2025年2月13日、ソニーグループ業績説明会に登壇した吉田憲一郎会長CEO(左)と十時裕樹社長COO兼CFO(写真・共同通信)

 

 気温が30度を超え、はやくも夏到来の予感がする。例年であれば、サラリーマンが胸を躍らす季節のようだ──。

 

 2025年1月、ソニーグループは同年4月入社の正社員の初任給を、大卒なら31万3000円、大学院卒なら34万3000円と、これまでより約10%増やすと発表した。

 

「ソニーやバンダイは賞与の見直しとして、冬の支給を廃止して年1回に削減。大和ハウスは《月例給与水準の大幅な改定を行う》として、賞与の給与化、つまりボーナスを基本給に分配して支給する方針へと舵を切りました」(経済担当記者)

 

 

 大企業を中心に始まった賞与の給与化だが、雇用側のメリットは何なのか。人事ジャーナリスト・溝上憲文氏に話を聞いた。

 

「2000年以降は、多くの企業が基本給を減らしてボーナスを増やすということをやってきました。ボーナスは業績次第で変えられるので、基本給を低く設定できて人件費を減らせたんです。

 

 そのうえ、ボーナスの割合が大きいと、会社がおかしくなったときに固定給が経営を圧迫しないのでよかったんです。

 

 最近は逆で、ボーナスを減らして基本給を増やすという動きが多いですね。その理由は間違いなく初任給アップです。つまり、初任給を引き上げて、優秀な人材を獲得することが目的です。要は見栄えですよ。

 

 大和ハウスはボーナスのウエイトを下げて、初任給を35万円に上げました。少子高齢化による人手不足のなかで、一流企業と言われるところが優秀な学生をとにかく採用しようと思っているんです。これは儲かっている大企業だからできる技ですね」

 

 若年層へのアピールの側面が大きいという賞与の給与化。40代から50代の “中堅” サラリーマンへの影響ももちろんあるという。

 

「すでに、ほとんどのサラリーマンは、住宅ローンのボーナス払いをやめている人が多いと思います。2000年以降、額面が大きく変動するようになってきたからです。そのため、ボーナスが減ったからといって大変だということにはならないでしょう。

 

 そもそも、全体の年収は変わりません。
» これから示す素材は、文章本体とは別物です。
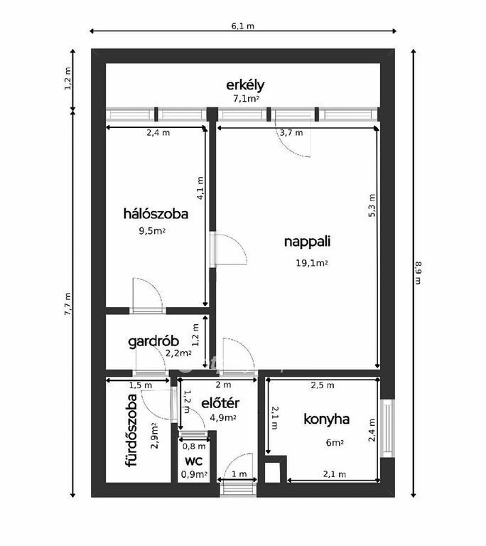 HELYISÉGEK: előszoba, étkezős konyha, nappali, hálószoba, gardrób, kádas fürdőszoba, wc, erkély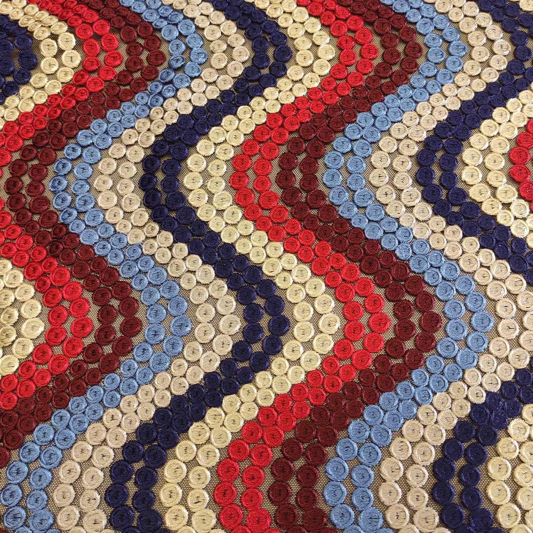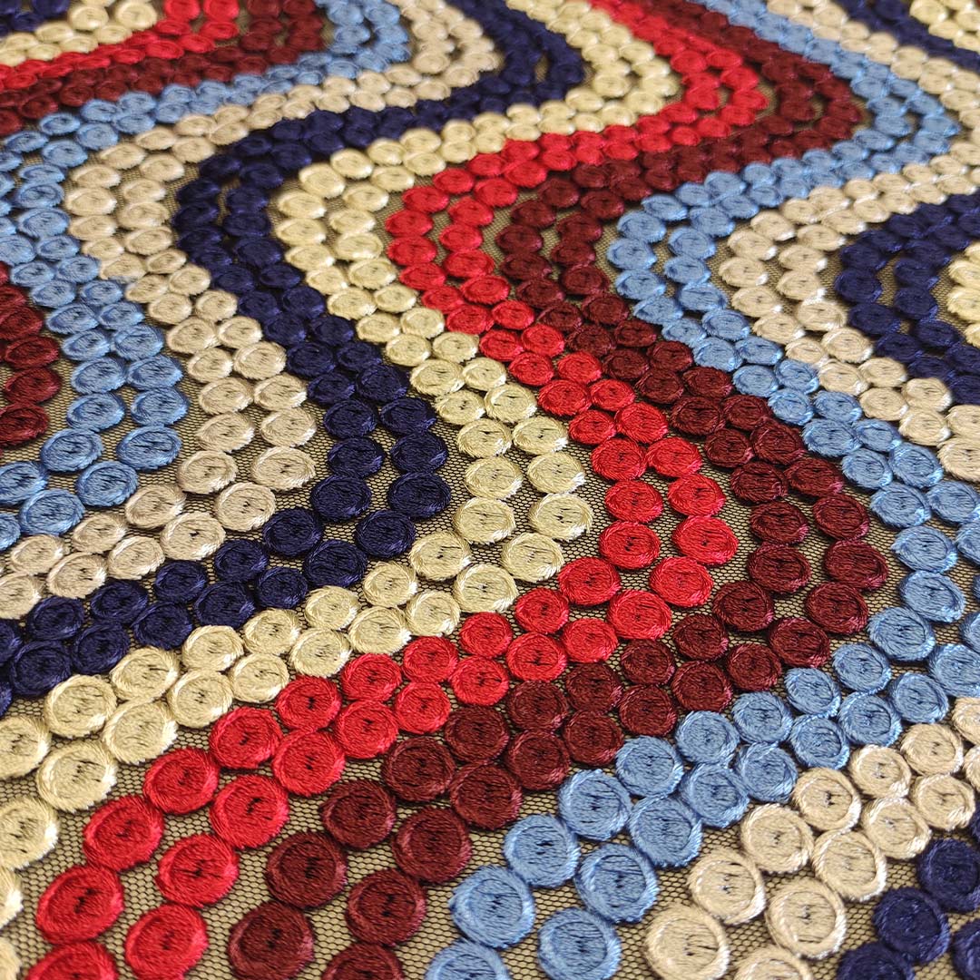 Tessuto Tulle ricamato motivo astratto blu – rosso – beige

むしろ、会社の業績が悪くなっても基本給を減らせないので、基本的には得ですね。

 

 リアルな話だと、世の奥さんは、ボーナスは夏と冬に出るものだと思っているんですよね。でも、じつは期末手当も入れると3回に分けて払っている会社もけっこうあります。

 

 その手当を旦那は別口座を作って遊びで使っていたりします。もしボーナスがなくなったら、そうした “へそくり” がなくなる可能性がありますね。それは、サラリーマンにとっては深刻です。毎月の月給は奥さんにガッチリ握られてますから、今後は “妻との春闘” をどう戦っていくかが重要ですね(笑)」(溝上氏)

 

 今後も企業の動向から目が離せない。